I go from almost laughing to rubbing my sternum, trying to push away the heavy ache that’s taken up residence in my chest.

“Like, no one even knows the shit I’ve done. The importance of the things I was doing. My missions? They saved lives, they changed the world. And now? Now I’m supposed to … fix fences?” He sighs, his tall frame shifting down incrementally. “It makes me … ”

“Angry?” I provide, because I can feel it. I know the way the air tastes when someone is angry, can feel the surrounding oxygen thicken with it.

I know an angry man. I grew up in a house full of them. But with Beau, even when he’s angry, I feel safe.

“Yeah.” His hands link behind his head and he watches me, gray eyes almost shrink-wrapped in tears. “And it’s fucking depressing.”

My tongue darts out over my lips as I consider his outburst, try to put myself in his shoes—his head.
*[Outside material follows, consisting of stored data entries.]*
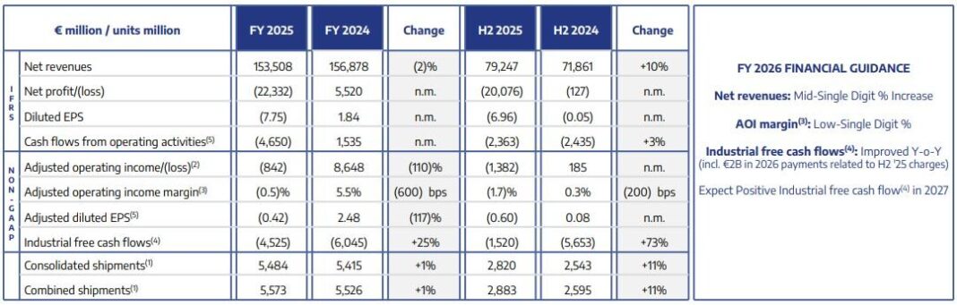 I risultati dell’esercizio 2025 di Stellantis hanno visto ricavi netti pari a 153,5 miliardi di euro, in calo del -2% rispetto al 2024, principalmente a causa degli effetti negativi dei tassi di cambio e del calo dei prezzi netti nel primo semestre dell’anno, parzialmente compensati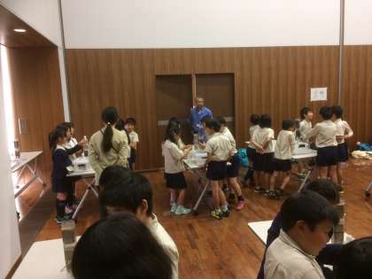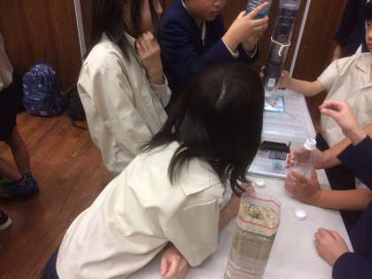 泥水を砂の層に通すと透明な水になりました。色が付いた臭いのする水を活性炭の層を通すと臭いの無い透明な水になりました。「おう〜」と驚きの声が部屋の中にあふれていました。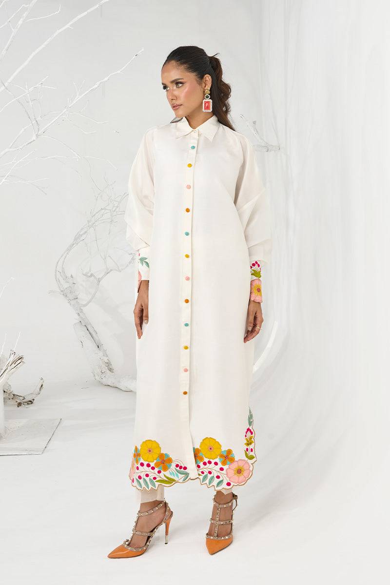 Make a statement with this Pure Raw-Silk ensemble. Our signature Box Cut Shirt featuring intricate Resham Threadwork, Cutwork Applique and muti-color hand-made buttons details.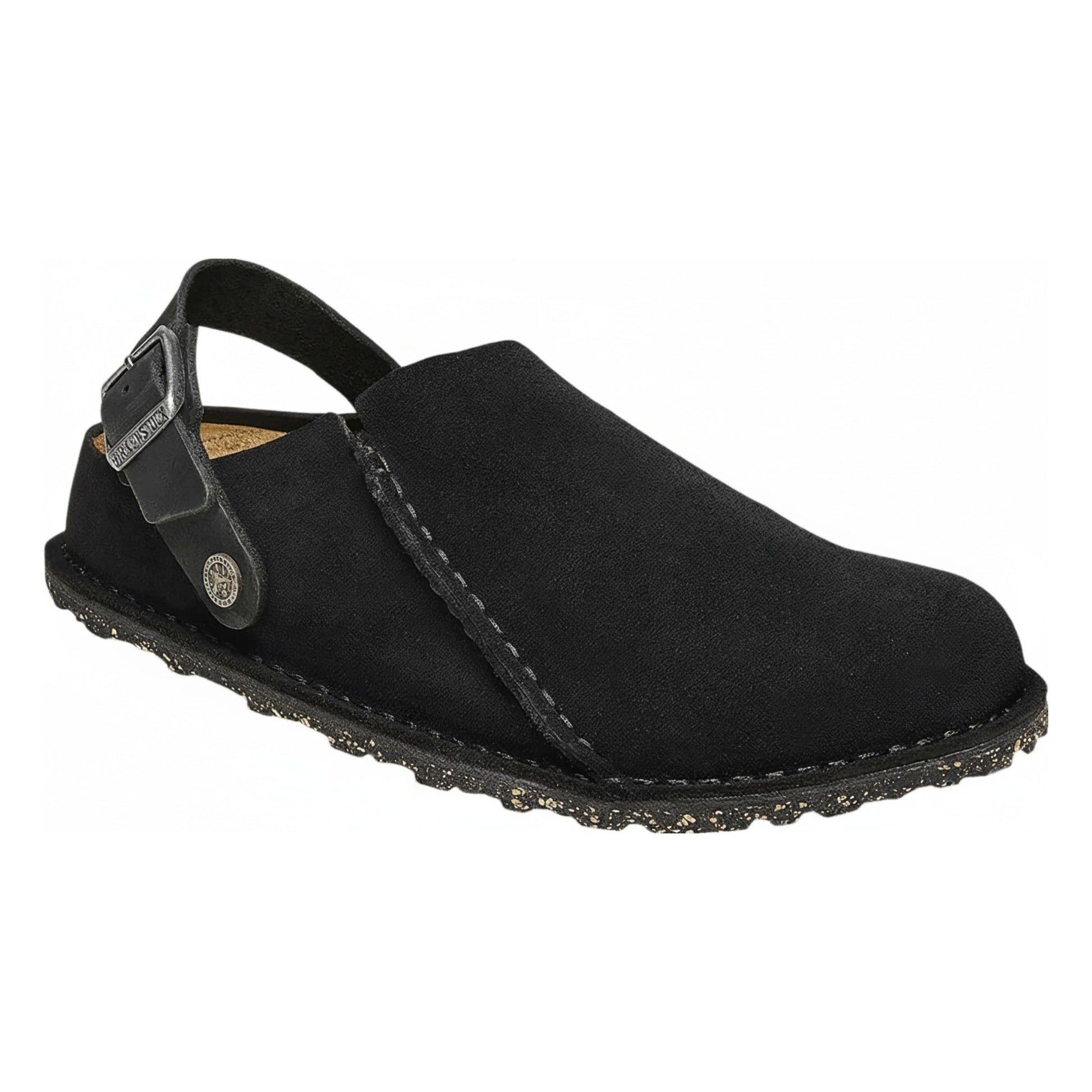 Birkenstock's Lutry model delivers timeless comfort through premium suede leather construction and the brand's signature anatomical footbed. The unisex design accommodates various foot shapes with adjustable straps for a customized fit. Black suede offers versatile styling across casual and smart-casual wardrobes. The contoured cork and latex footbed provides arch support and shock absorption for all-day wear. Durable construction ensures this classic silhouette remains a reliable staple for years to come.

I don’t know a single thing about what it’s like to feel that way. And who am I to tell him he’s wrong?

“It is,” I agree, slapping my bare thighs as I push to standing. He seems startled, either by my sudden motion or my words. I’m not sure which. “I know all about living a depressing life, so, like, high five on that. Now let’s go do something fun.”

“Fun like what?” His suspicious expression almost makes me laugh out loud.

I give him a once-over, from head to toe. My gaze catches on his bright white Adidas Superstars, now smudged with dirt and grass.

“Like getting you some shoes that don’t rub you raw.” I wave a finger back and forth between his feet. “And maybe not so white. Doesn’t suit you.”

“What suits me?” He asks me like he doesn’t know. In fact, I get the sense that part of Beau’s problem these days is that he hasn’t reconciled the before version of himself with the after version.

It turns out, going missing in the desert for days on end changes a person. I’m not sure why this surprises anyone. And I’m not sure why anyone expects him to be the way he was before it happened.

I guess that’s why I shrug and say, “I don’t know. Let’s go find out.”